◆ **Try it**:
Below, find the line containing "النساء - فستان" and the line containing "Exhaust Flex Pipe 55×150 (WIRE MESHED)"; reproduce exactly those two and every line between them, omitting pictures.

◆ **Records supplied**:
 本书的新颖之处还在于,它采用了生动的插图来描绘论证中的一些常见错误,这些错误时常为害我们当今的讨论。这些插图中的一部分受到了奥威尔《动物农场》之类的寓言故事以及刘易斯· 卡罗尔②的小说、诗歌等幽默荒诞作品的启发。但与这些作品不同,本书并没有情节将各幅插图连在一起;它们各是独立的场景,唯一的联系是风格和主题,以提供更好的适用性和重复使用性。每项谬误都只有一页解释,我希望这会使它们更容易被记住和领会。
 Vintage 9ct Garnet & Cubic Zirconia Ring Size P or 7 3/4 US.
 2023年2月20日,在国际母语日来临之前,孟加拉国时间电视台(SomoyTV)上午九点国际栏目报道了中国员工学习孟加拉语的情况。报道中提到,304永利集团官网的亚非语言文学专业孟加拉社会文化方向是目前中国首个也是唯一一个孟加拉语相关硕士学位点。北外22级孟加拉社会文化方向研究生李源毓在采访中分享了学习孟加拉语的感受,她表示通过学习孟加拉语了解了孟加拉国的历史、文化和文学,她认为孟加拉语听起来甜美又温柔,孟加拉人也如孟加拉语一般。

...

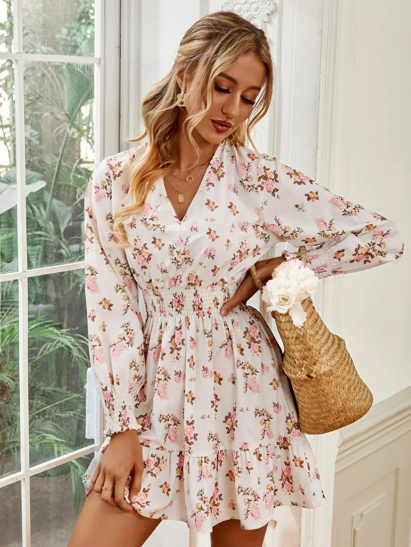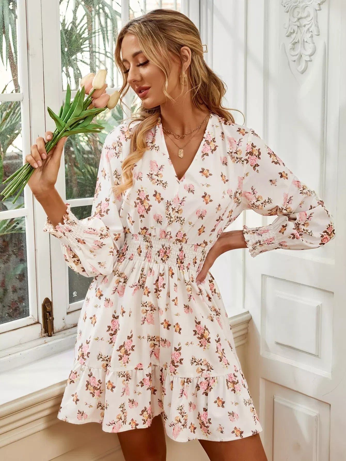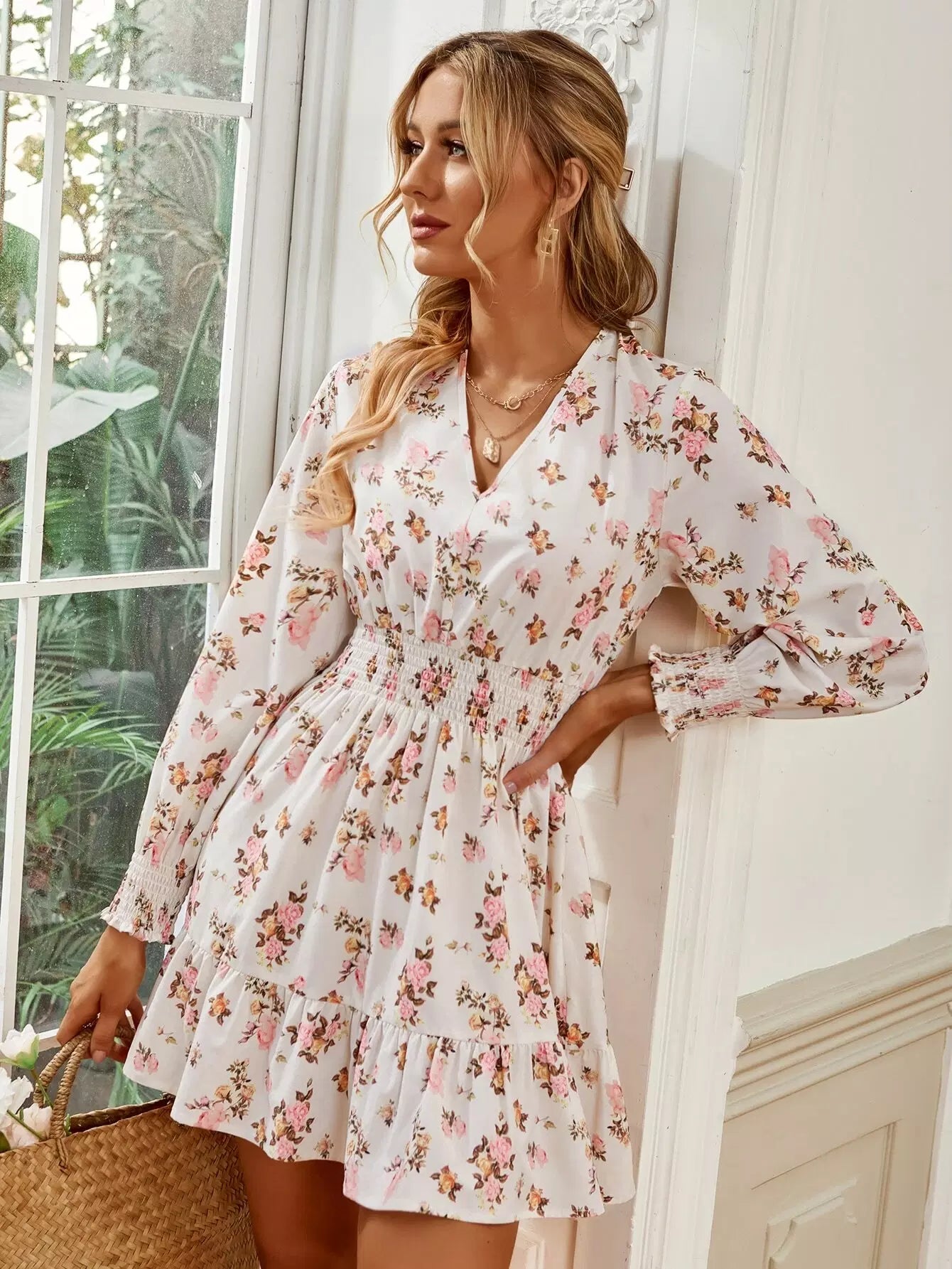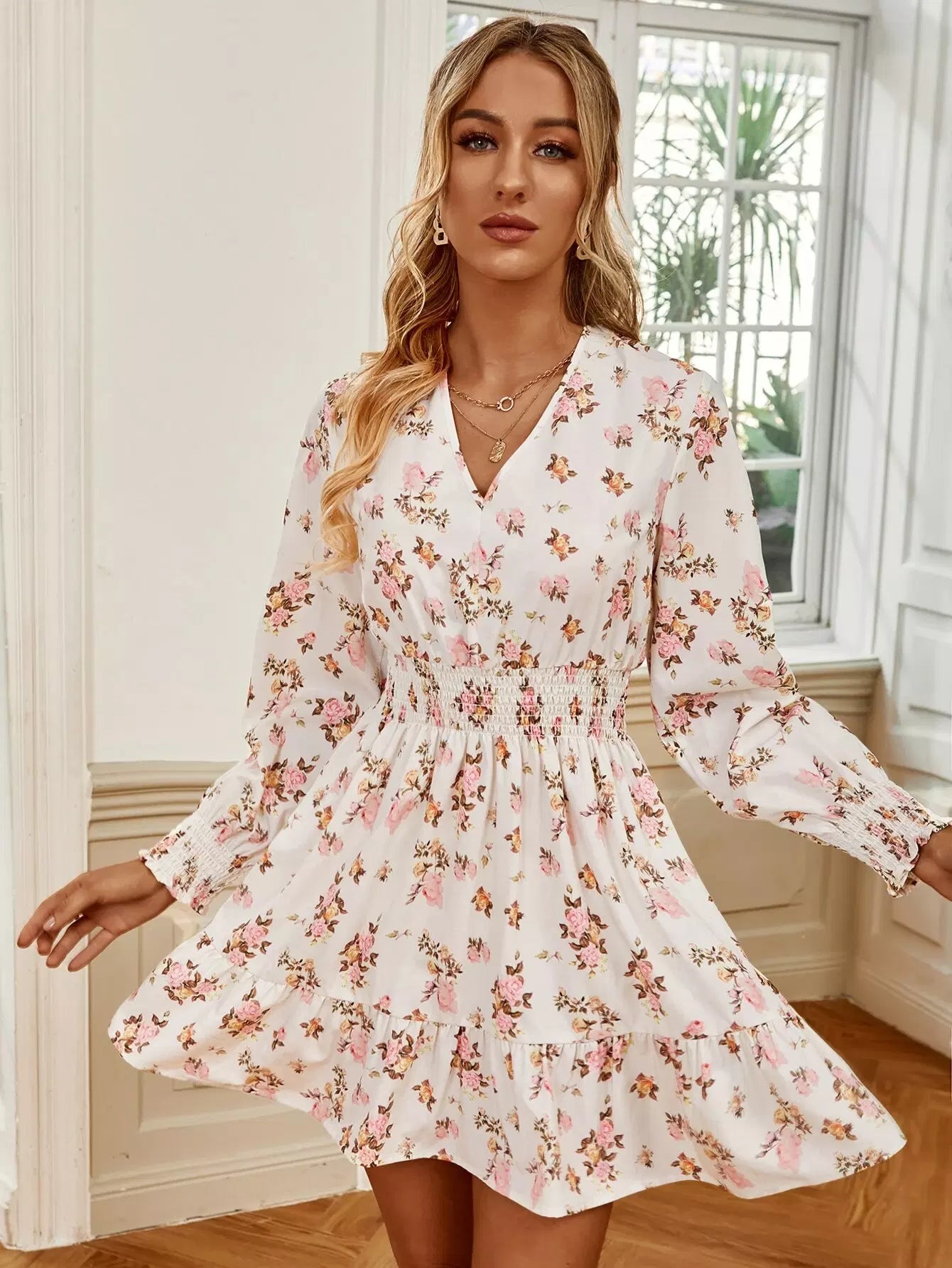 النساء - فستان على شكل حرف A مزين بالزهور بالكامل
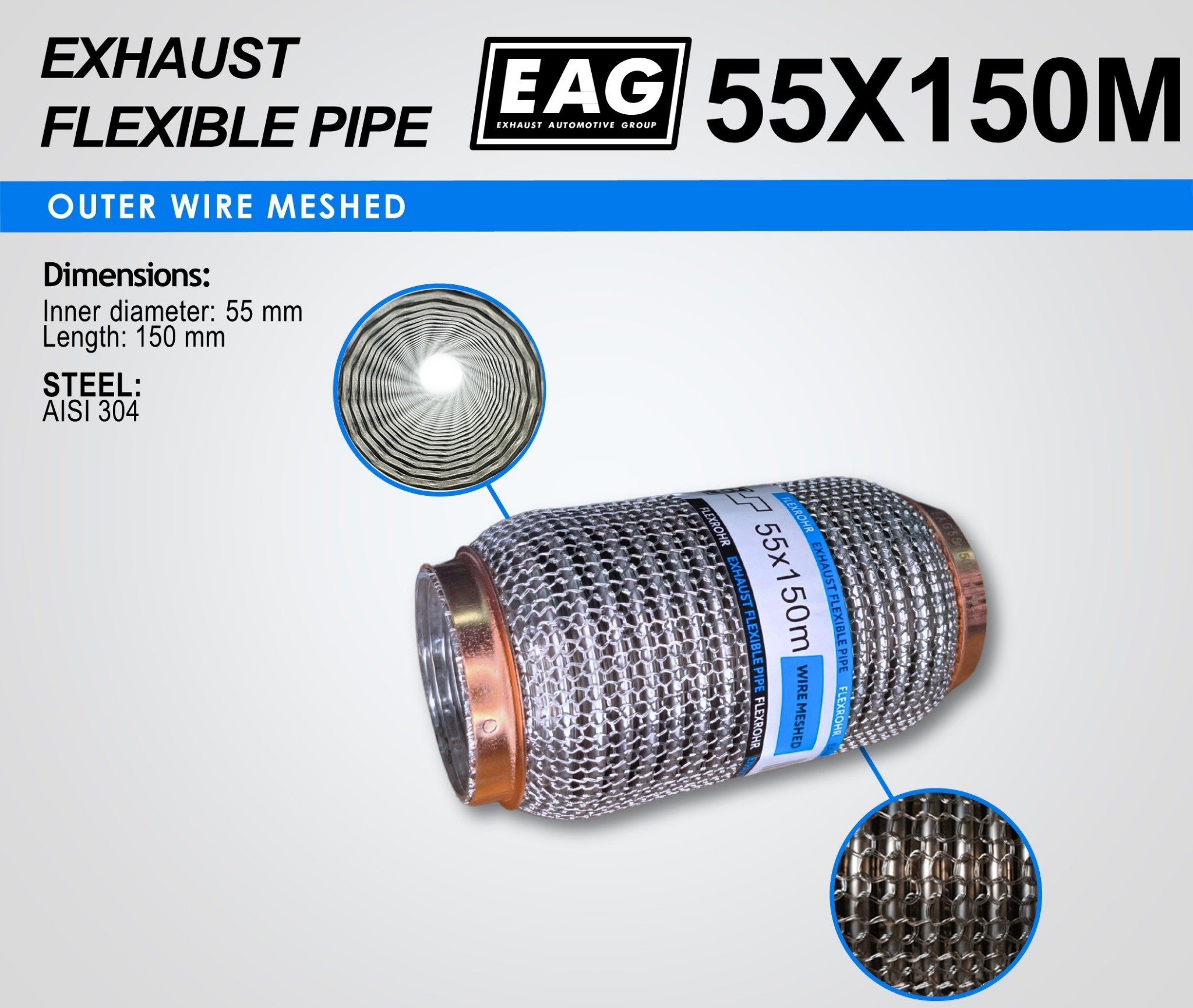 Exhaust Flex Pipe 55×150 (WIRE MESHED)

◆ **Written reply**:
 النساء - فستان على شكل حرف A مزين بالزهور بالكامل
 Exhaust Flex Pipe 55×150 (WIRE MESHED)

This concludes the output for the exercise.